### [Exercise directions]
Show every line from the data below that includes "throughout".
----
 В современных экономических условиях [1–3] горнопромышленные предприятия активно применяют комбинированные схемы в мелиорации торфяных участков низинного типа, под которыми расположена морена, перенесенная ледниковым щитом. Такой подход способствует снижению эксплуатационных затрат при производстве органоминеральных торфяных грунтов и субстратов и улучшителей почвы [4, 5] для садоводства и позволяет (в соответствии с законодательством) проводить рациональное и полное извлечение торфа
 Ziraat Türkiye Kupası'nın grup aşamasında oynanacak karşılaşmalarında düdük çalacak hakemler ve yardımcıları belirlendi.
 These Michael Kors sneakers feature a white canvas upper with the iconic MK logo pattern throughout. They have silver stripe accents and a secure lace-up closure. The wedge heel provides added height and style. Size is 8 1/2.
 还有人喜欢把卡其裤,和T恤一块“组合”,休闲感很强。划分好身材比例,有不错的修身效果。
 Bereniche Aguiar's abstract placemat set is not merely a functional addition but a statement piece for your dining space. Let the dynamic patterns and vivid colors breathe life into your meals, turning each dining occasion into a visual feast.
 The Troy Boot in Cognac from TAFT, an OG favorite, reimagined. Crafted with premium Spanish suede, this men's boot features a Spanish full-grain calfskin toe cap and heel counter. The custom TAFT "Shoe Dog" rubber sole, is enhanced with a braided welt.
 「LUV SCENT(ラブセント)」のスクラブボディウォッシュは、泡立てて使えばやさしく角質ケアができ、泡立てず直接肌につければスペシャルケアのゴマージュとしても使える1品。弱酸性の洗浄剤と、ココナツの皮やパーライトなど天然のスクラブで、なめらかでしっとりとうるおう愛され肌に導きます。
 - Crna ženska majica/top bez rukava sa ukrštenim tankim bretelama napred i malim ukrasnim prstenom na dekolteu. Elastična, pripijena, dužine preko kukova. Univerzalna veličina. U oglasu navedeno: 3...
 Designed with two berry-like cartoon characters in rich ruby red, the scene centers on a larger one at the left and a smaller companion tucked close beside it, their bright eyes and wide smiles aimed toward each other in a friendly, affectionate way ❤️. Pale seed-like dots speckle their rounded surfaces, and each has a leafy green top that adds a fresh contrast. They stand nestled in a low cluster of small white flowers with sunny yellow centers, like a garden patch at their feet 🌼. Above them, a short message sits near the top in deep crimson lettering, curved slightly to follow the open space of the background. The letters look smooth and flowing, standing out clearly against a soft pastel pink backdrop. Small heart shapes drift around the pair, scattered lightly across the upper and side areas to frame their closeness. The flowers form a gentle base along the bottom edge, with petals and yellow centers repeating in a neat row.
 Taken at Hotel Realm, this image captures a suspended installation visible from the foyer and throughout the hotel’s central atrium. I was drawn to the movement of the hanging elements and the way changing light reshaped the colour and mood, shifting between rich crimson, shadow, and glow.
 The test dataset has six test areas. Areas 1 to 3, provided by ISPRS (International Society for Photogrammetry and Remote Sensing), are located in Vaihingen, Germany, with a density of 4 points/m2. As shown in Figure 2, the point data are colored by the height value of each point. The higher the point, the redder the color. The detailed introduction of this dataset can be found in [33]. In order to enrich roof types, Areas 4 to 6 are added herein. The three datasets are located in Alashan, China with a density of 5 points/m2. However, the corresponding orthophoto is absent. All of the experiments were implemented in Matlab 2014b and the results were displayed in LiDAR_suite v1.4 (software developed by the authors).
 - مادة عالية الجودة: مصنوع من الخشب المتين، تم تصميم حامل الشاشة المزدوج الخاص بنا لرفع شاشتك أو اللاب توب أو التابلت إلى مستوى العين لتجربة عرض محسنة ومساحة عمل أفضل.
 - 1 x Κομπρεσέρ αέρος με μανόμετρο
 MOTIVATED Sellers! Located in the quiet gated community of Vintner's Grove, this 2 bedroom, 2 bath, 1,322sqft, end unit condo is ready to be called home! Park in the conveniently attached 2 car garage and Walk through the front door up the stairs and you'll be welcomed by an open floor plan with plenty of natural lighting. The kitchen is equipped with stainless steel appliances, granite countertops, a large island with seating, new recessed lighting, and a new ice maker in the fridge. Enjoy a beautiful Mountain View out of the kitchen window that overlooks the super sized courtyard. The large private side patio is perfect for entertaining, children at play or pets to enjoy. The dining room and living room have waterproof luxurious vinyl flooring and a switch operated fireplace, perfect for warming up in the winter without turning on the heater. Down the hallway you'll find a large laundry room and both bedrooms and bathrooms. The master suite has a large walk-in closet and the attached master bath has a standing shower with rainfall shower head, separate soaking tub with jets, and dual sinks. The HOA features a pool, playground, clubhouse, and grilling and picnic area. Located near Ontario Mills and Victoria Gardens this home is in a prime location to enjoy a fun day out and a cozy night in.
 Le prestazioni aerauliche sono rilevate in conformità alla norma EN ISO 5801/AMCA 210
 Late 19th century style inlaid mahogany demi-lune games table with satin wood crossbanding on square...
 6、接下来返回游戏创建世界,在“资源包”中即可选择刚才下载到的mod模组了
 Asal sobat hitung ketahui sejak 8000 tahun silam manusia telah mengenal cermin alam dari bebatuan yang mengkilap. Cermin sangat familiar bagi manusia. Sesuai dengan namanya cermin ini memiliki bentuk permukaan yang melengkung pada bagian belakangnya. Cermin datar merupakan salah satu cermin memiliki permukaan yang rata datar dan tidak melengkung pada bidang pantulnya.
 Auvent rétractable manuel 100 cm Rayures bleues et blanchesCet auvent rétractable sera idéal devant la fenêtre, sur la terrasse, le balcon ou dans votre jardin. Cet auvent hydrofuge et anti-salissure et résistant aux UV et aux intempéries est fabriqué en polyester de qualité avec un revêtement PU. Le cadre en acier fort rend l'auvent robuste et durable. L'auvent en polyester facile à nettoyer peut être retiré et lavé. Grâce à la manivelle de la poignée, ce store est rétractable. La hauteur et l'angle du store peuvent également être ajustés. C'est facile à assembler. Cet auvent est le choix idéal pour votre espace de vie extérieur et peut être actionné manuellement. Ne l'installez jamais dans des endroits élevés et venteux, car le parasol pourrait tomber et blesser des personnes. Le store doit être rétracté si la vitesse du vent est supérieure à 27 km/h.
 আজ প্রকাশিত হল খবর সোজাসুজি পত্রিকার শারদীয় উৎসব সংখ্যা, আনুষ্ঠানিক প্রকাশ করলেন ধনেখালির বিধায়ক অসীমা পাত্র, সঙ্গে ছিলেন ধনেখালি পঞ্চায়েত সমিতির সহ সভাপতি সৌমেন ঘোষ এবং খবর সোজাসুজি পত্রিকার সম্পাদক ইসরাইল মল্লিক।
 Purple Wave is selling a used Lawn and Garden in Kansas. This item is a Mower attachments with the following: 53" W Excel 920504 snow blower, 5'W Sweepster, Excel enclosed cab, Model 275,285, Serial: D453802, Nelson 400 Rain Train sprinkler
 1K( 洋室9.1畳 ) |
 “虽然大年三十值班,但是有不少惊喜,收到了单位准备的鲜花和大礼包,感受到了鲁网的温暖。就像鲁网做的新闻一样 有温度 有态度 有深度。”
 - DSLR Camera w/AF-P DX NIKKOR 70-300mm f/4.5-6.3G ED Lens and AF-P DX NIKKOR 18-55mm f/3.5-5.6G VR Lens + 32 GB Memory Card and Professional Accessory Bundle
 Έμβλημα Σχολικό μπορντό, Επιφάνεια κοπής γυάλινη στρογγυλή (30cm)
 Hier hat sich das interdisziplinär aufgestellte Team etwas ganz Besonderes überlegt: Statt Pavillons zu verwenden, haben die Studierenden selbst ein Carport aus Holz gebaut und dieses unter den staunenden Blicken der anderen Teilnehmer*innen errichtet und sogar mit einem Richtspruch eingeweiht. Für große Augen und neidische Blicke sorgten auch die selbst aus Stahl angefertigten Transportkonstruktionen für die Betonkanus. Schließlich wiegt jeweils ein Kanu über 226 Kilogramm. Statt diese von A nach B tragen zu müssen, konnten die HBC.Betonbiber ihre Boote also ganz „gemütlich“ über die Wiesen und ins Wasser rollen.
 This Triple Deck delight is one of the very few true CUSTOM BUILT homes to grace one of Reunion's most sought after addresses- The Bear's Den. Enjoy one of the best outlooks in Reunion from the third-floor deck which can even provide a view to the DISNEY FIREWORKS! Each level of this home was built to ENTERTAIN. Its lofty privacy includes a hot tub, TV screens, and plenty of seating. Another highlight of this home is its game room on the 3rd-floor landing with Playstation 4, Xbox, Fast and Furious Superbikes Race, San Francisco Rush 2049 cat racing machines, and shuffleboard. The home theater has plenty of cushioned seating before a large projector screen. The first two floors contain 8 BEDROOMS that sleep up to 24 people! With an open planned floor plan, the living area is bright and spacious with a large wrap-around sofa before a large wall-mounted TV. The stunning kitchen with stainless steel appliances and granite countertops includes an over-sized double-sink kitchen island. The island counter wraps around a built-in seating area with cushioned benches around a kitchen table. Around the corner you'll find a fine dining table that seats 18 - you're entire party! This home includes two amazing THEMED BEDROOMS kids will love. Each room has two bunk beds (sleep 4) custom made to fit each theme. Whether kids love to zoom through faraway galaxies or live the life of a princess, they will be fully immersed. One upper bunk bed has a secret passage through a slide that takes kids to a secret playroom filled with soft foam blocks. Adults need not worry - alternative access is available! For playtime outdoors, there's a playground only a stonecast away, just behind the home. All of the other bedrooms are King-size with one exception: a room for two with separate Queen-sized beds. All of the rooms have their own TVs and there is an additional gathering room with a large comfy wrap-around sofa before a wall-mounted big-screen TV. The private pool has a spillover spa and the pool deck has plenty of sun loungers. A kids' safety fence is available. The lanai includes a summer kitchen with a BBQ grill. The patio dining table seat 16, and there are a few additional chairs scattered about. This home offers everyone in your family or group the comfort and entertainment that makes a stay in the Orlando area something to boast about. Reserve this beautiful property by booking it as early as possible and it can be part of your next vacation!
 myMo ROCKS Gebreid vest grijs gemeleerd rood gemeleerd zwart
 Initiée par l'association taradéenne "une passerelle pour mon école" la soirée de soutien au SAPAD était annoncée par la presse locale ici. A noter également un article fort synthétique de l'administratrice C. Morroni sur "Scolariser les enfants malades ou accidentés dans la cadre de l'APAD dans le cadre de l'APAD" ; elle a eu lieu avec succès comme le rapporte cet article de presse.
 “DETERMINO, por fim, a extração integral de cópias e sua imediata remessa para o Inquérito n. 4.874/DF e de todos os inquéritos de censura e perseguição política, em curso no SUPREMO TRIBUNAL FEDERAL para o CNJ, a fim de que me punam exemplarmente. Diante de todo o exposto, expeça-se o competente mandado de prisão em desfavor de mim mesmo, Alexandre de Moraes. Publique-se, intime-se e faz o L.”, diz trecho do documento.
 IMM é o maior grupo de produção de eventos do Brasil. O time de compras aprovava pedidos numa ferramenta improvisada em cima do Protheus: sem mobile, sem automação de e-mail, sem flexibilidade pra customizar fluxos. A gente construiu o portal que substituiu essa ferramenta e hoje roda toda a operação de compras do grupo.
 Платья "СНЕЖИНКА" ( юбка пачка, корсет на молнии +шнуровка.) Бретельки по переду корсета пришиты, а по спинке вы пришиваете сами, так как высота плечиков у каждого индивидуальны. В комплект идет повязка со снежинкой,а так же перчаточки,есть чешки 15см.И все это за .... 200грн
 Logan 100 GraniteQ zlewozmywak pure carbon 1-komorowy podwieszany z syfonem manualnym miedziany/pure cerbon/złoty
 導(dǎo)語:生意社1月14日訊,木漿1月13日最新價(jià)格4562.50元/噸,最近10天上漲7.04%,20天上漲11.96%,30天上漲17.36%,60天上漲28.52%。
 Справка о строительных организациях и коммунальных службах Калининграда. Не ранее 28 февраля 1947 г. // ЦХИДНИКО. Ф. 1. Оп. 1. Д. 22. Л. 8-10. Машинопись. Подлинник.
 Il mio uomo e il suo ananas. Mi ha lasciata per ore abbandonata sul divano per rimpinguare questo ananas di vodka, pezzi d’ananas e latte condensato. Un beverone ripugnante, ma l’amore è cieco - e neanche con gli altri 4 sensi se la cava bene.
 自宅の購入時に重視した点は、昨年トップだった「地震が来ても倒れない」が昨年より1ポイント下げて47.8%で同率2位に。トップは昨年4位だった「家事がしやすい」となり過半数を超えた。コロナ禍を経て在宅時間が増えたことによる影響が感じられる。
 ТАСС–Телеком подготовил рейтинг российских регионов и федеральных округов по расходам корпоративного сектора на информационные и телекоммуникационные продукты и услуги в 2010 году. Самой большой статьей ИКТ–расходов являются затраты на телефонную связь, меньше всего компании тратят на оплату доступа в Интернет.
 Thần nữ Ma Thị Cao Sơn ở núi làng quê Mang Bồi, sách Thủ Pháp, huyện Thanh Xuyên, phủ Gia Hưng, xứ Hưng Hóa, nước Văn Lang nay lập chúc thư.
----
### [Solution]
 These Michael Kors sneakers feature a white canvas upper with the iconic MK logo pattern throughout. They have silver stripe accents and a secure lace-up closure. The wedge heel provides added height and style. Size is 8 1/2.
 Taken at Hotel Realm, this image captures a suspended installation visible from the foyer and throughout the hotel’s central atrium. I was drawn to the movement of the hanging elements and the way changing light reshaped the colour and mood, shifting between rich crimson, shadow, and glow.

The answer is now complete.